Please give back, exactly as written, the lines from the line with "Jordan教授推荐发表在其任主编的FnT Machine Learning(影响因子:32.8)上" to the line with "다만, 언 피해가 자주" in the listing below, leaving out all pictures.
WORKING DATA below:
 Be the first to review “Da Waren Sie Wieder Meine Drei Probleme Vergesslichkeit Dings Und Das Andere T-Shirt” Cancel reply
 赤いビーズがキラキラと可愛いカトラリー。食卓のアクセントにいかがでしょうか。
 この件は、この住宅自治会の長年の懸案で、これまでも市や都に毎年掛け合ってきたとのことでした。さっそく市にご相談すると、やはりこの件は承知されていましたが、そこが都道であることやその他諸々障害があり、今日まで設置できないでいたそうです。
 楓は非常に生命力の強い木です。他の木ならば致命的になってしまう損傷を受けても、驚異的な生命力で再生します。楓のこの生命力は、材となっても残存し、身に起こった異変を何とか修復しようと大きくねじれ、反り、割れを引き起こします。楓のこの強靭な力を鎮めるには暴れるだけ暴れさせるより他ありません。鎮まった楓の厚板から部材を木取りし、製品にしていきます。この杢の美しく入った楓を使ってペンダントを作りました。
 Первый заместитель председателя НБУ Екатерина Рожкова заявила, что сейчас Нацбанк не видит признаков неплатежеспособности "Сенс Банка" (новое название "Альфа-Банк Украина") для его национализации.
End of WORKING DATA.
WORKING DATA below:
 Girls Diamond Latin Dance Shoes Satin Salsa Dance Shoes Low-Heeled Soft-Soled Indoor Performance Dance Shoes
End of WORKING DATA.
WORKING DATA below:
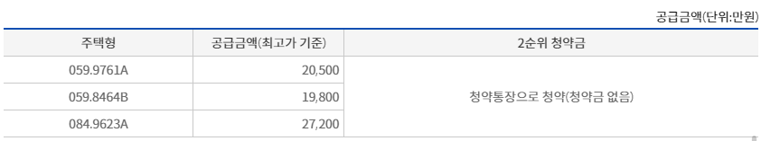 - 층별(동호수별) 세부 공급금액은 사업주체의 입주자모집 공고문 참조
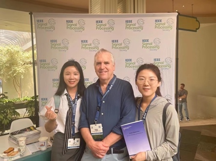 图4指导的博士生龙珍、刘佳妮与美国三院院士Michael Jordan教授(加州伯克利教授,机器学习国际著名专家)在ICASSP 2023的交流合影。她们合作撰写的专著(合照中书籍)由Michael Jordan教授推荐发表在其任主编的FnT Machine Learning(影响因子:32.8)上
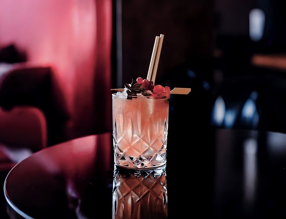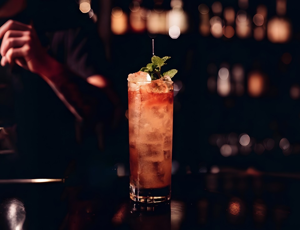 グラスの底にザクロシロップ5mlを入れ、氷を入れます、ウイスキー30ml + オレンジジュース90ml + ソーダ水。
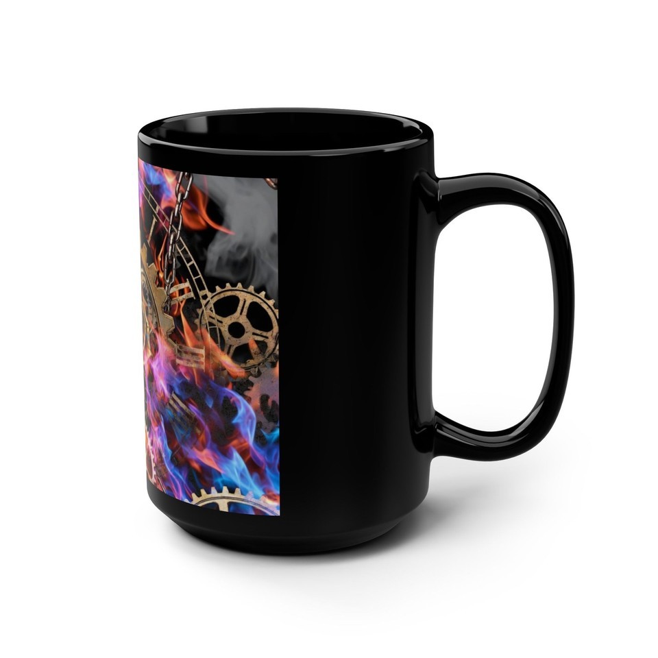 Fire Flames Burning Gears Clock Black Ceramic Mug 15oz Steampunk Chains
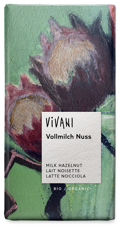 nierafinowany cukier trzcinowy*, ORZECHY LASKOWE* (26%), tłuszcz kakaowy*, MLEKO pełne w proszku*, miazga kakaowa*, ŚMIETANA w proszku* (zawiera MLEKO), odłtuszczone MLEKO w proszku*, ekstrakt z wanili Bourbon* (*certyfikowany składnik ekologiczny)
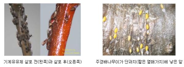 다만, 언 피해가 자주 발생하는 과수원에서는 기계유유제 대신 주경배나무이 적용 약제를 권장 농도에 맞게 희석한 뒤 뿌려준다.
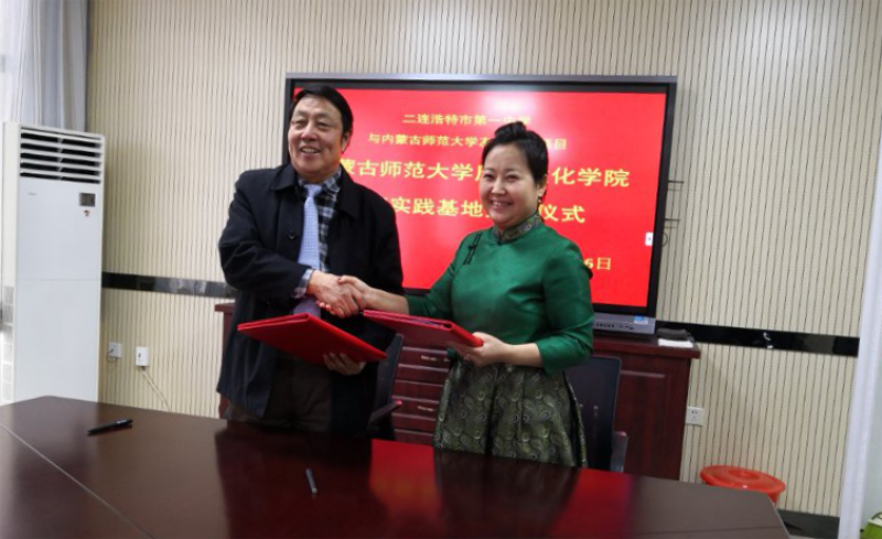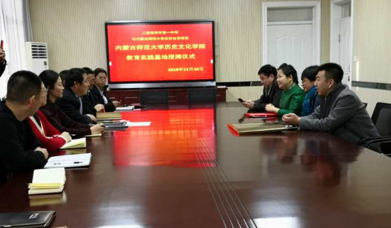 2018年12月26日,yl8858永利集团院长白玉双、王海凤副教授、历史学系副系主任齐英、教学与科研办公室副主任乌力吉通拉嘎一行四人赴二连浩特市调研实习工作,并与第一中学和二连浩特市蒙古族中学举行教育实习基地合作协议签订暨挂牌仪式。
End of WORKING DATA.
◆ REPLY
 图4指导的博士生龙珍、刘佳妮与美国三院院士Michael Jordan教授(加州伯克利教授,机器学习国际著名专家)在ICASSP 2023的交流合影。她们合作撰写的专著(合照中书籍)由Michael Jordan教授推荐发表在其任主编的FnT Machine Learning(影响因子:32.8)上
 グラスの底にザクロシロップ5mlを入れ、氷を入れます、ウイスキー30ml + オレンジジュース90ml + ソーダ水。
 Fire Flames Burning Gears Clock Black Ceramic Mug 15oz Steampunk Chains
 nierafinowany cukier trzcinowy*, ORZECHY LASKOWE* (26%), tłuszcz kakaowy*, MLEKO pełne w proszku*, miazga kakaowa*, ŚMIETANA w proszku* (zawiera MLEKO), odłtuszczone MLEKO w proszku*, ekstrakt z wanili Bourbon* (*certyfikowany składnik ekologiczny)
 다만, 언 피해가 자주 발생하는 과수원에서는 기계유유제 대신 주경배나무이 적용 약제를 권장 농도에 맞게 희석한 뒤 뿌려준다.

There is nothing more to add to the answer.